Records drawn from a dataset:
-*-
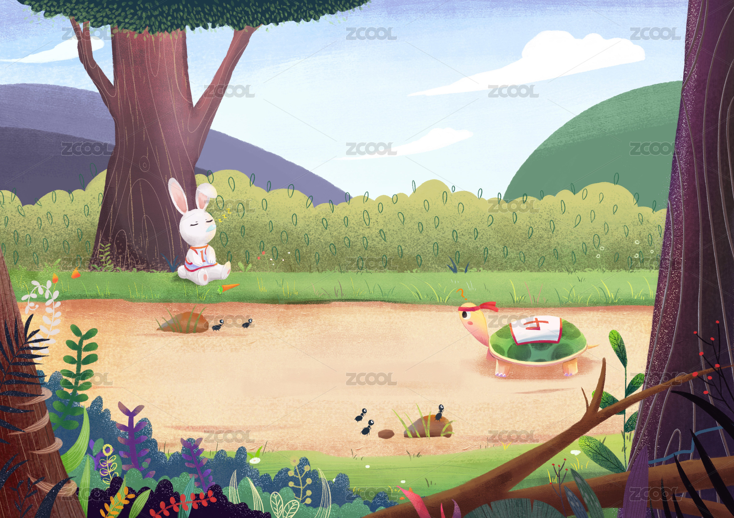 龜兔賽跑故事兒童插畫
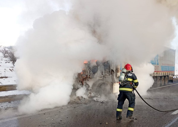 Șoferul a oprit la timp pe banda de urgență, iar pompierii au intervenit imediat pentru lichidarea incendiului. Din fericire, nu au fost înregistrate victime.
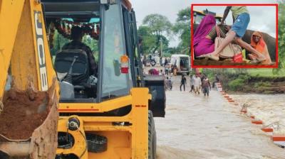 जेसीबी की बकेट से गर्भवती महिला ने पार किया बहता नाला, दूसरी ओर इंतज़ार कर रही थी एम्बुलेंस
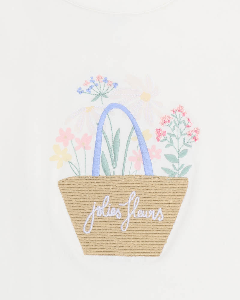 Brighten up your young one's day with our charming floral tee, perfect for sunny adventures and everyday play. Crafted from a soft and stretchy organic cotton blend, this tee features a sweet embroidered flower basket with "jolies fleurs" text and delicate frill sleeves for a pretty finish. This tee pairs perfectly with the Bonnie check shorts or the Bonnie embroidered shorts for a Summery outfit.
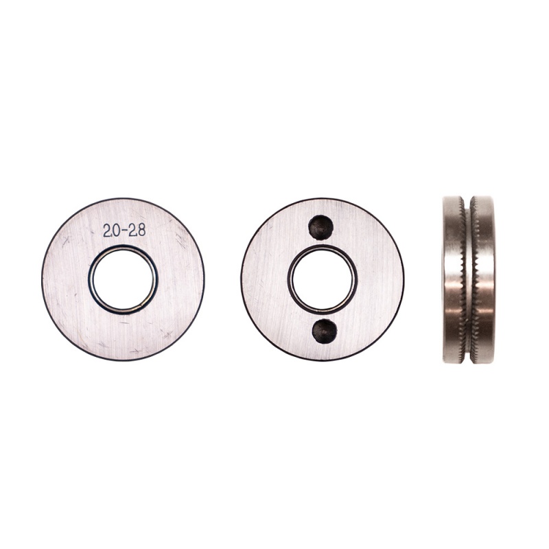 Подающий ролик для работы со сварочными тракторами. Ролики подачи подбираются в соответствии с типом сварочной проволоки и её диаметром. Ролик изготовлен из легированной стали с последующей термообработкой.
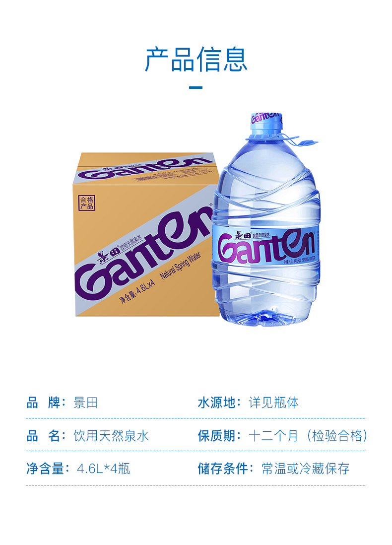景田 饮用天然泉水 大瓶装水 4.6L*4瓶 整箱装 家庭健康饮用水
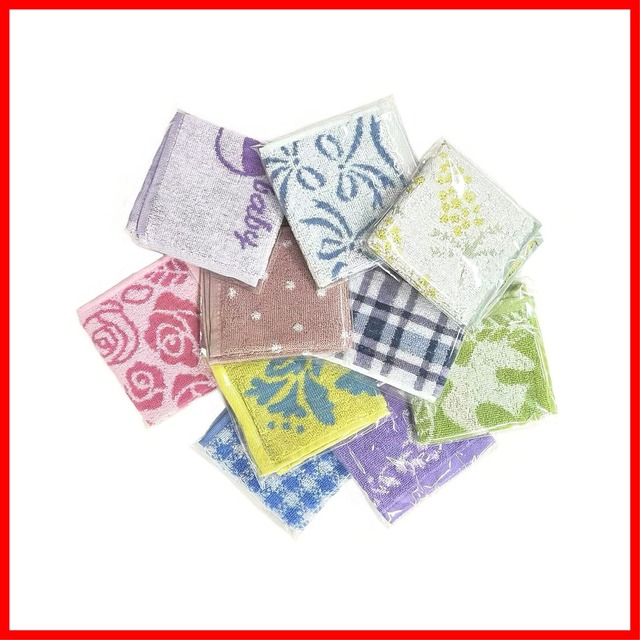 Little Budding レディース タオル ハンカチ 10枚組 ギフト ラッピング 色柄 おまかせ (23x23cm~25x25㎝)
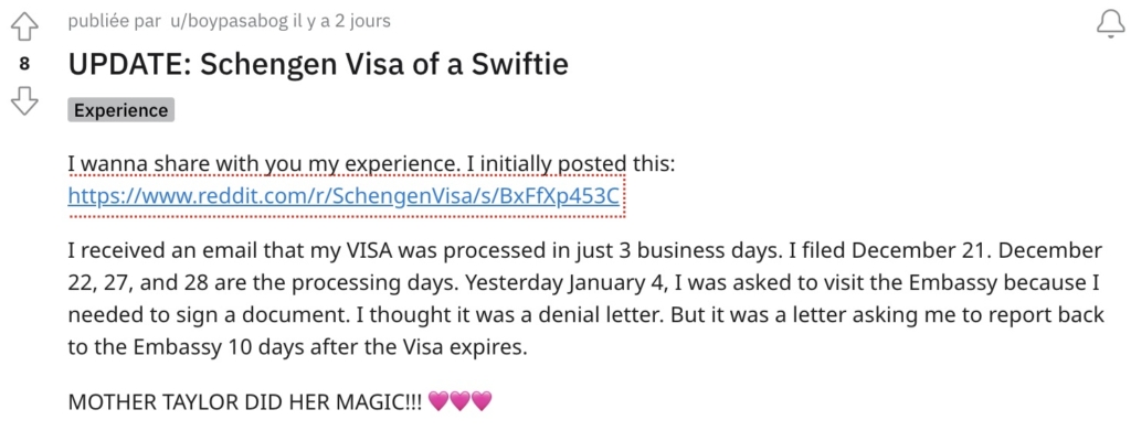 Al parecer, esto fue suficiente, ya que posteriormente se citó al viajero en la embajada para recoger el visado y dejar constancia de las condiciones en las que se había concedido. Compartió todas las etapas de su aventura en Reddit.
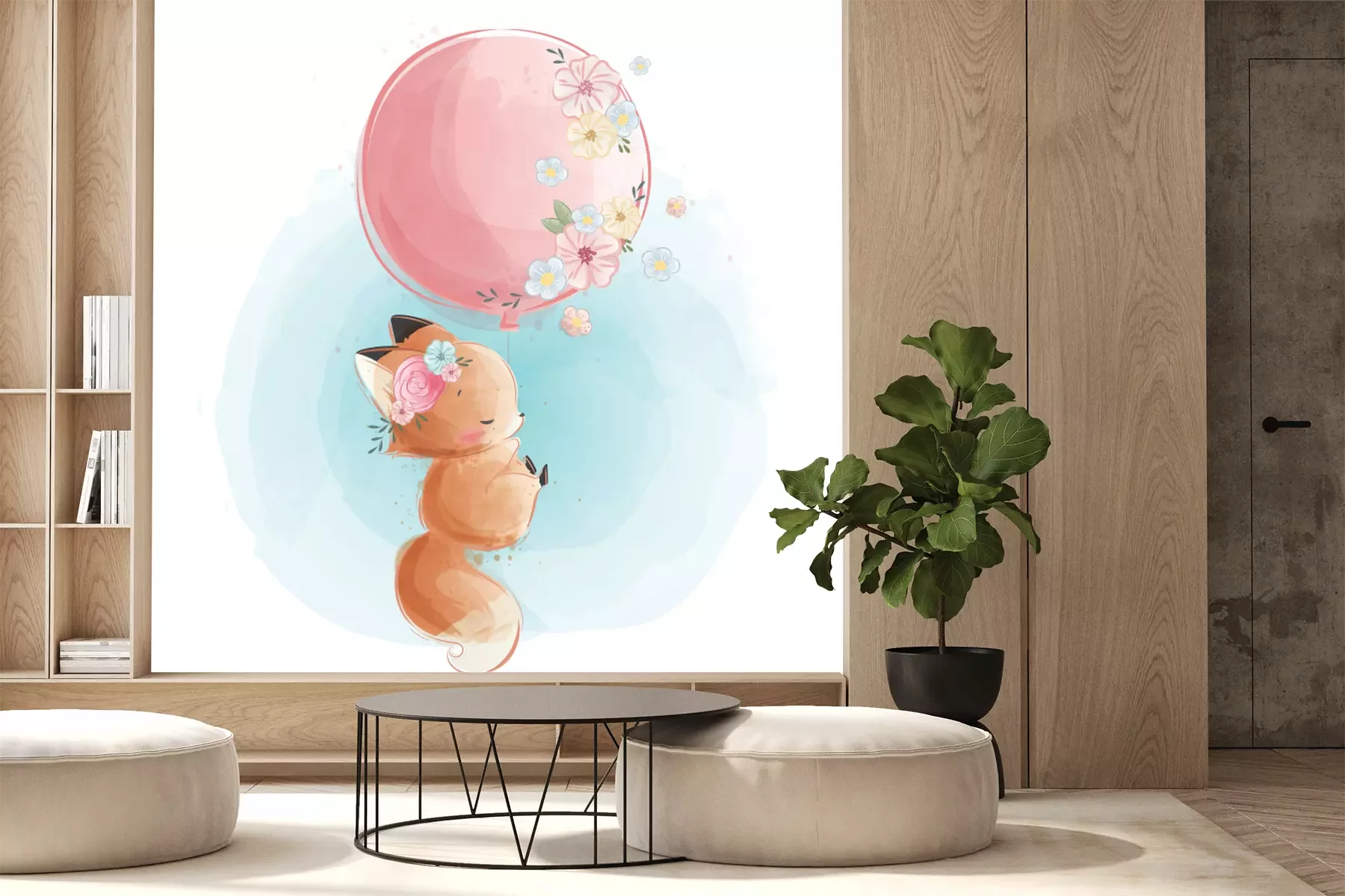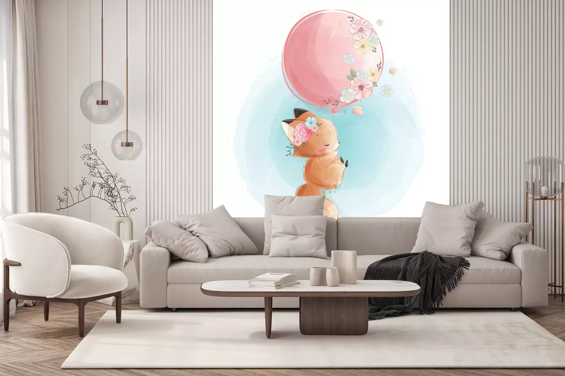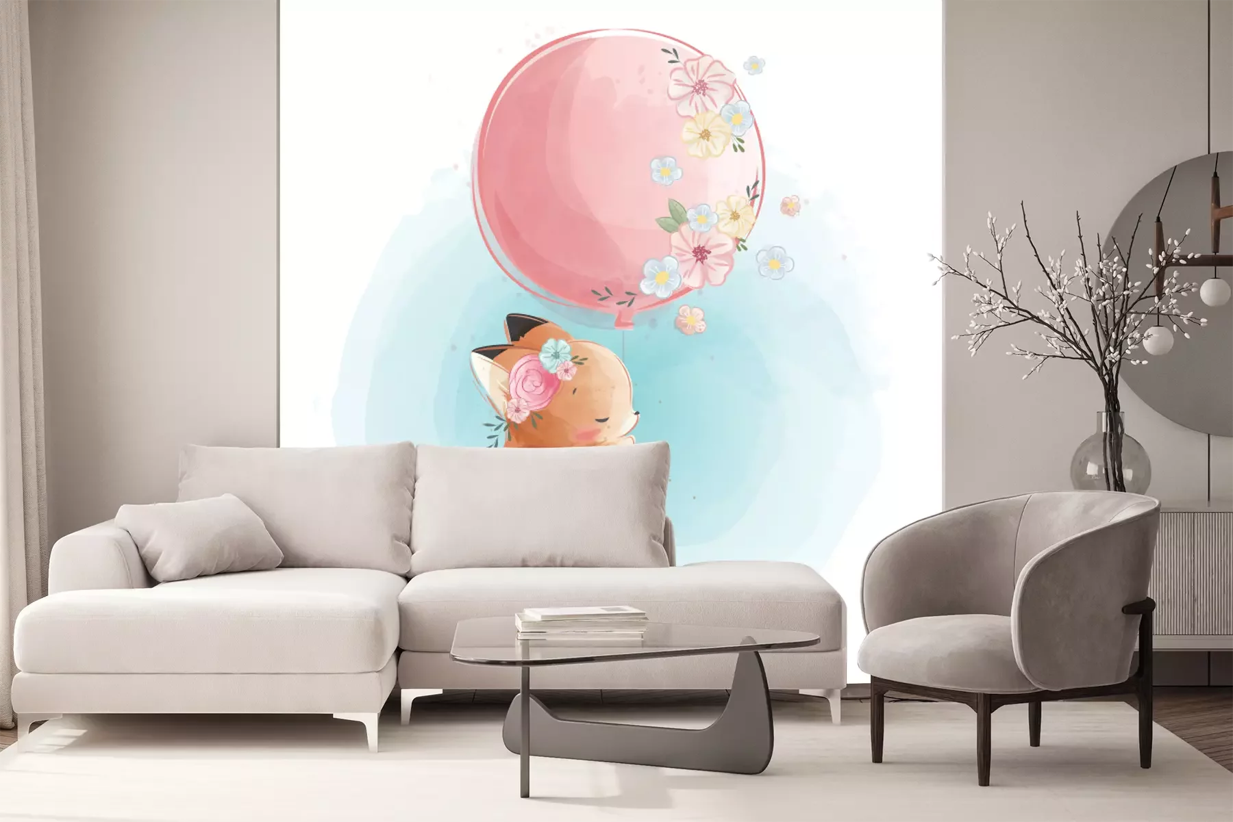 Sticker Fuchs Aquarell und rosa Luftballon mit Blumen verziert
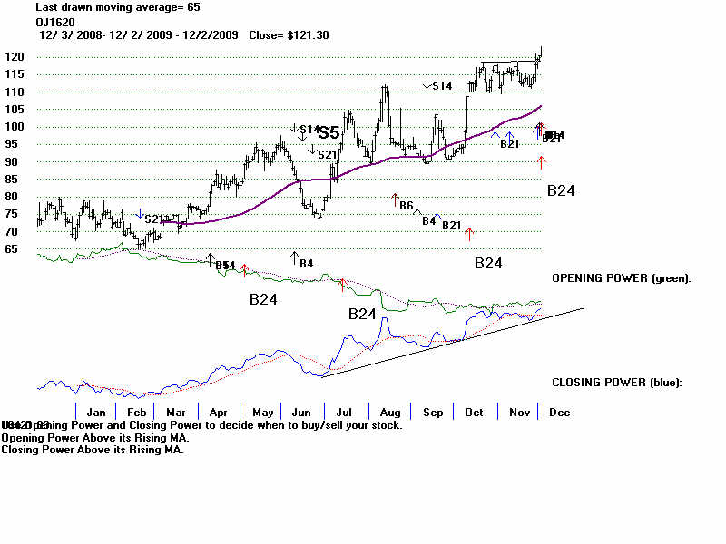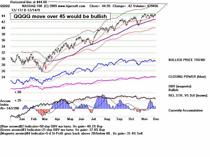 8) Relative Strength - QQQQ/DJI rising is bullish. Compare QQQQ Chart now, on this
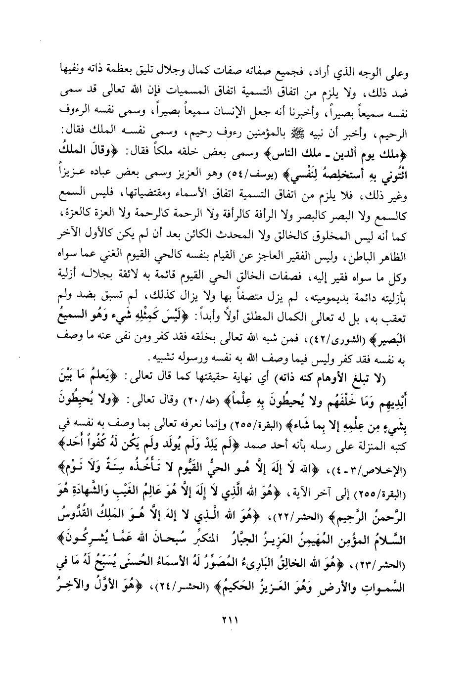 وَعَلَى الْوَجْهِ الَّذِي أَرَادَ, فَجَمِيعُ صِفَاتِهِ صِفَاتُ كَمَالٍ وَجَلَالٍ تَلِيقُ بِعَظَمَةِ ذَاتِهِ وَنَفْيُهَا ضِدُّ ذَلِكَ, وَلَا يَلْزَمُ مِنَ اتِّفَاقِ التَّسْمِيَةِ اتِّفَاقُ الْمُسَمَّيَاتِ فَإِنَّ اللَّهَ تَعَالَى قَدْ سَمَّى نَفْسَهُ سَمِيعًا بَصِيرًا, وَأَخْبَرَنَا أَنَّهُ جَعَلَ الْإِنْسَانَ سَمِيعًا بَصِيرًا, وَسَمَّى نَفْسَهُ الرَّءُوفَ الرَّحِيمَ, وَأَخْبَرَ أَنَّ نَبِيَّهُ -صَلَّى اللَّهُ عَلَيْهِ وَسَلَّمَ- بِالْمُؤْمِنِينَ رَءُوفٌ رَحِيمٌ, وَسَمَّى نَفْسَهُ الْمَلِكَ فَقَالَ: {مَالِكِ يَوْمِ الدِّينِ - مَلِكِ النَّاسِ} وَسَمَّى بَعْضَ خَلْقِهِ مَلِكًا فَقَالَ: {وَقَالَ الْمَلِكُ ائْتُونِي بِهِ أَسْتَخْلِصْهُ لِنَفْسِي} [يُوسُفَ: 54] وَهُوَ الْعَزِيزُ وَسَمَّى بَعْضَ عِبَادِهِ عَزِيزًا وَغَيْرَ ذَلِكَ, فَلَا يَلْزَمُ مِنَ اتِّفَاقِ التَّسْمِيَةِ اتِّفَاقُ الْأَسْمَاءِ وَمُقْتَضَيَاتِهَا, فَلَيْسَ السَّمْعُ كَالسَّمْعِ وَلَا الْبَصَرُ كَالْبَصَرِ وَلَا الرَّأْفَةُ كَالرَّأْفَةِ وَلَا الرَّحْمَةُ كَالرَّحْمَةِ وَلَا الْعِزَّةُ كَالْعِزَّةِ, كَمَا أَنَّهُ لَيْسَ الْمَخْلُوقُ كَالْخَالِقِ وَلَا الْمُحْدَثُ الْكَائِنُ بَعْدَ أَنْ لَمْ يَكُنْ كَالْأَوَّلِ الْآخِرِ الظَّاهِرِ الْبَاطِنِ, وَلَيْسَ الْفَقِيرُ الْعَاجِزُ عَنِ الْقِيَامِ بِنَفْسِهِ كَالْحَيِّ الْقَيُّومِ الْغَنِيِّ عَمَّا سِوَاهُ, وَكُلُّ مَا سِوَاهُ فَقِيرٌ إِلَيْهِ, فَصِفَاتُ الْخَالِقِ الْحَيِّ الْقَيُّومِ قَائِمَةٌ بِهِ لَائِقَةٌ بِجَلَالِهِ أَزَلِيَّةٌ بِأَزَلِيَّتِهِ دَائِمَةٌ بِدَيْمُومِيَّتِهِ, لَمْ يَزَلْ مُتَّصِفًا بِهَا وَلَا يَزَالُ كَذَلِكَ, لَمْ تُسْبَقْ بِضِدٍّ وَلَمْ تُعْقَبْ بِهِ بَلْ لَهُ تَعَالَى الْكَمَالُ الْمُطْلَقُ أَوَّلًا وَأَبَدًا: {لَيْسَ كَمِثْلِهِ شَيْءٌ وَهُوَ السَّمِيعُ الْبَصِيرُ} [الشُّورَى: 42] فَمَنْ شَبَّهَ اللَّهَ تَعَالَى بِخَلْقِهِ فَقَدْ كَفَرَ وَمَنْ نَفَى عَنْهُ مَا وَصَفَ بِهِ نَفْسَهُ فَقَدْ كَفَرَ وَلَيْسَ فِيمَا وَصَفَ اللَّهُ بِهِ نَفْسَهُ وَرَسُولُهُ تَشْبِيهٌ.
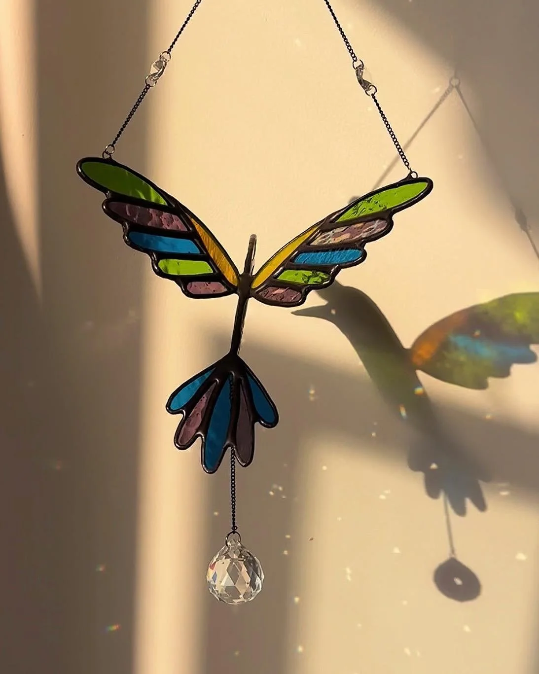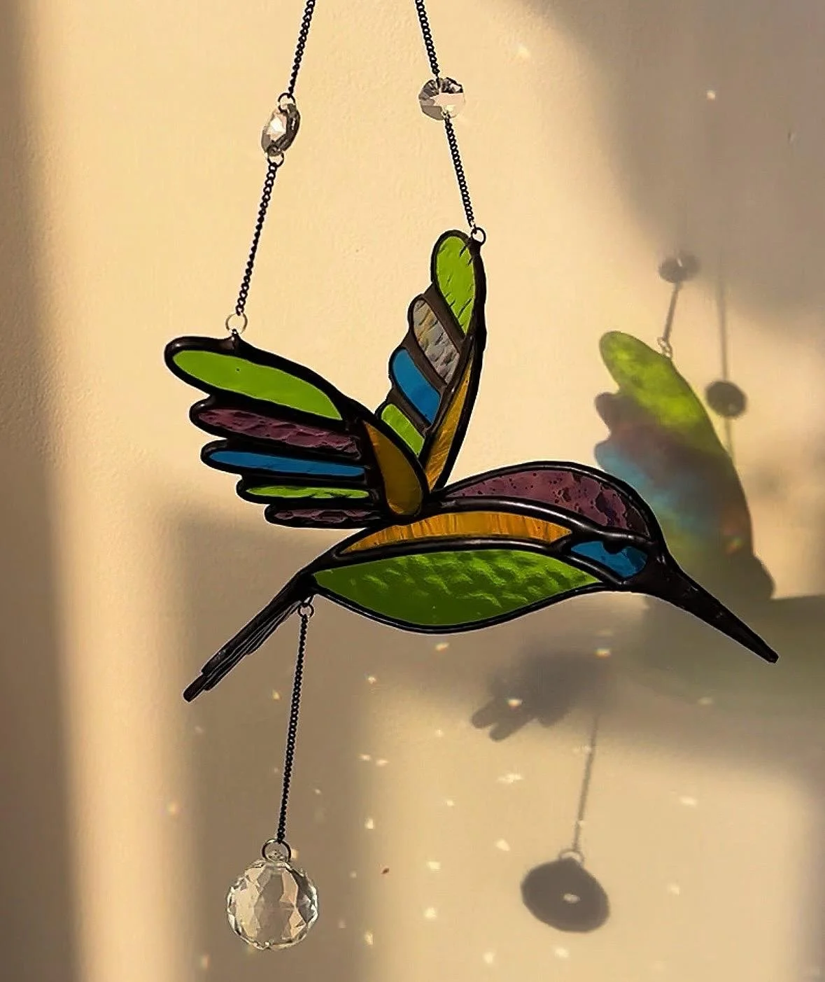 Hung up in a sun-facing window, it twirls and glistens in the sun, shooting rainbows all around the room.
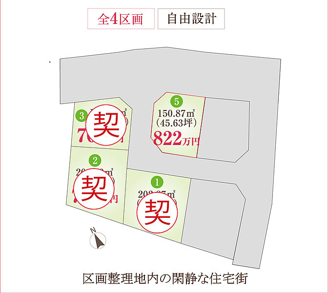 閑静な住宅街、3方接道の開放感のある区画!駅徒歩5分、スーパー徒歩3分と周辺施設も充実してます。
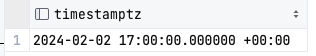 SELECT '20240202 12:00 +0200'::TIMESTAMP WITH TIME ZONE;
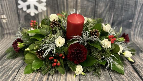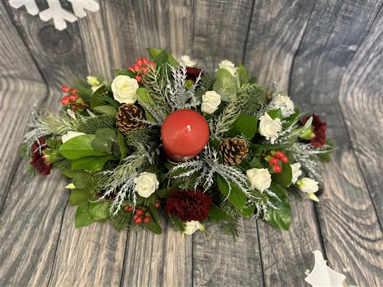YOu are planning a Christmas Festive Celebration and you have everything planned but there is one thing you know you need to make it perfect. You do not need more decorations, no more food, no more twinkly lights. Look no further, what you are looking for is the Shining Star. The Shining Star includes a rnage of seasonal carnations, hyperisum, lisianthus and foliage. Finished off with a pillar candle and some festive decoration.
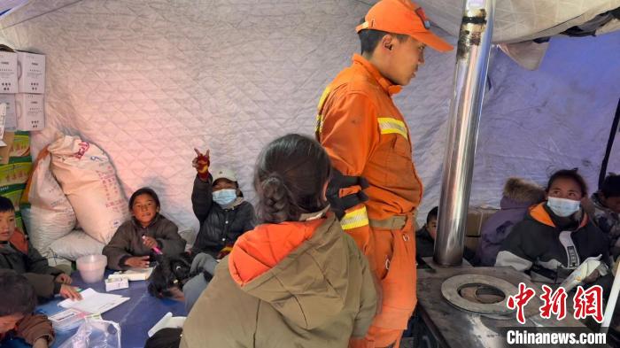 西藏定日縣發生6.8級地震后,孩子們的生活備受關注。平時工作中被稱做“開心果”的多吉在措果鄉野江村安置點上又成了“孩子王”,他帶著震區的小朋友們畫畫、撿垃圾、參觀消防車……安置點上時不時傳來孩童的歡聲笑語。
-*-
▸ **WHAT YOU ARE ASKED TO DO**: An exact copy of the lines above, from the first through the line that holds "8) Relative Strength", is what is needed; leave the pictures out.

▸ **YOUR SOLUTION**:
 龜兔賽跑故事兒童插畫
 Șoferul a oprit la timp pe banda de urgență, iar pompierii au intervenit imediat pentru lichidarea incendiului. Din fericire, nu au fost înregistrate victime.
 जेसीबी की बकेट से गर्भवती महिला ने पार किया बहता नाला, दूसरी ओर इंतज़ार कर रही थी एम्बुलेंस
 Brighten up your young one's day with our charming floral tee, perfect for sunny adventures and everyday play. Crafted from a soft and stretchy organic cotton blend, this tee features a sweet embroidered flower basket with "jolies fleurs" text and delicate frill sleeves for a pretty finish. This tee pairs perfectly with the Bonnie check shorts or the Bonnie embroidered shorts for a Summery outfit.
 Подающий ролик для работы со сварочными тракторами. Ролики подачи подбираются в соответствии с типом сварочной проволоки и её диаметром. Ролик изготовлен из легированной стали с последующей термообработкой.
景田 饮用天然泉水 大瓶装水 4.6L*4瓶 整箱装 家庭健康饮用水
 Little Budding レディース タオル ハンカチ 10枚組 ギフト ラッピング 色柄 おまかせ (23x23cm~25x25㎝)
 Al parecer, esto fue suficiente, ya que posteriormente se citó al viajero en la embajada para recoger el visado y dejar constancia de las condiciones en las que se había concedido. Compartió todas las etapas de su aventura en Reddit.
 Sticker Fuchs Aquarell und rosa Luftballon mit Blumen verziert
 8) Relative Strength - QQQQ/DJI rising is bullish. Compare QQQQ Chart now, on this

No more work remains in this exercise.